The answer is that that depends very much on the specifics of the application and its chosen implementation of the Principal
marker interface. We therefore have made the implementation of getRoles
a configuration item, attached to our RoleBasedAuthorization
feature.
Setting up a feature requires a bit of boilerplate which isn't very interesting - check the Github repository if you want to see how that works. The essential bit is that it defines a configuration point
var getRoles: (Principal) -> Set<String> = { emptySet() }
which can be overriden when installing the feature in your application. In our example above, we modeled the principal as:
data class UserSession(
val name: String,
val roles: Set<String> = emptySet()
) : Principal
So our getRoles
implementation then becomes a basic property lookup:
install(RoleBasedAuthorization) {
getRoles {
(it as UserSession).roles
}
}
As mentioned before, accompanying this blog post is a Github repository that contains the full source code of a working demo application.
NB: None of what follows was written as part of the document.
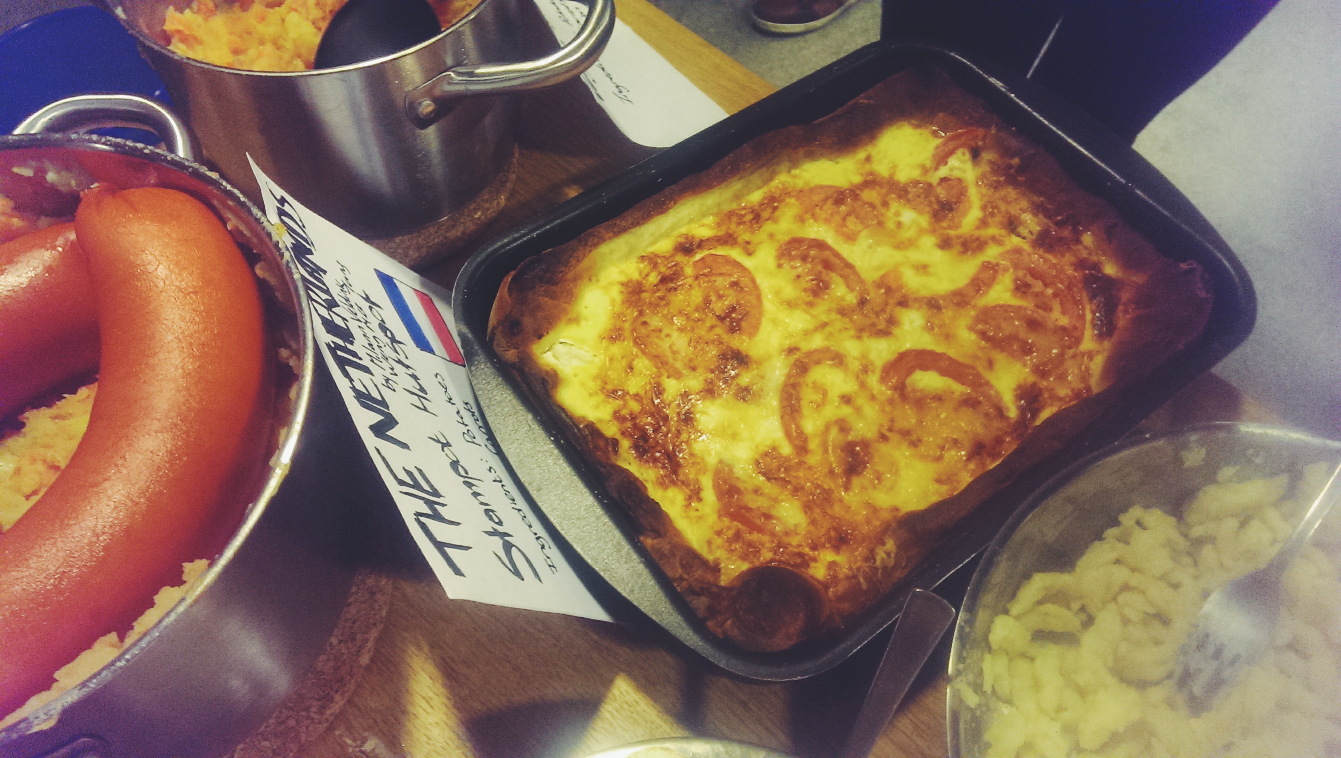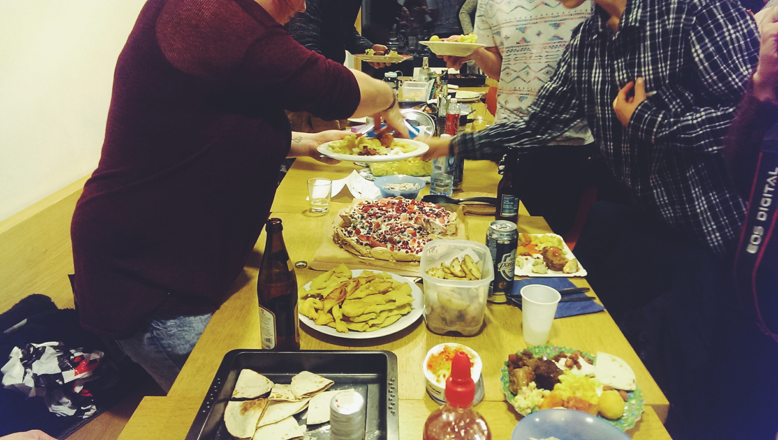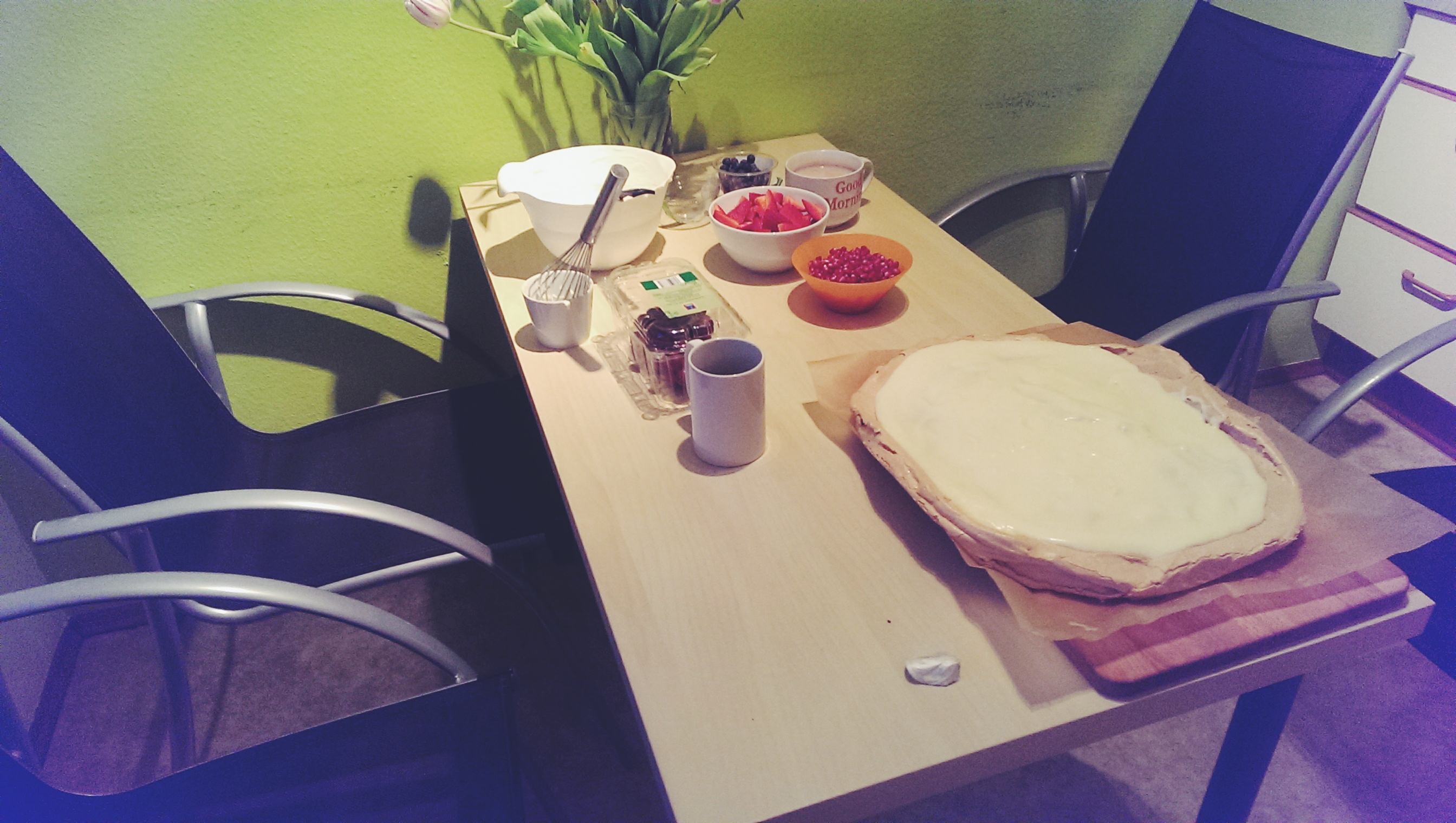 Wednesday was another uni day. I had Media Distribution in the morning (where I learnt the assessments/examinations have been replaced with just pure attendance yay!) Another creative writing lesson in the afternoon. After uni I walked to Maddie’s house (as soon as the snow started to really flipping pour down) to bake a pavlova for our pot luck dinner that night. It had been organised that we’d go to one of the other exchange students colleges and everyone would bring a dinner from their country. Oh my gosh – it was phenomenal. There were dishes from Chile, Costa Rica, Korea, Poland (and home made 60% vodka), Slovakia, France, Mexico, Finland, Netherlands, Turkey, the States and Belgium (well beer as opposed to food) to name a few. As I’ve already mentioned there are some serious cooks in our dorm which led to some extreme over indulgence particularly on some Finnish chocolate biscuit slice and some homemade French apple tarte tartin. Also tried mac and cheese for the first time! Our pav went down a treat and looked great despite having to walk with it for 20 minutes balancing on some cardboard (thankfully the snow held off).

I encourage you to check it out and play with it in the debugger to get a feel for how the different parts interact.
Implementing role-based authorization in Ktor has been an interesting deep-dive into some of the internal workings of Ktor. My starting point and main inspiration was this Medium post, which provided sufficient pointers into the Ktor source code for further study. I did miss some more explanation of Ktor's design, and a working example to see how all the different parts interact - I hope this blog and demo will be of use to others.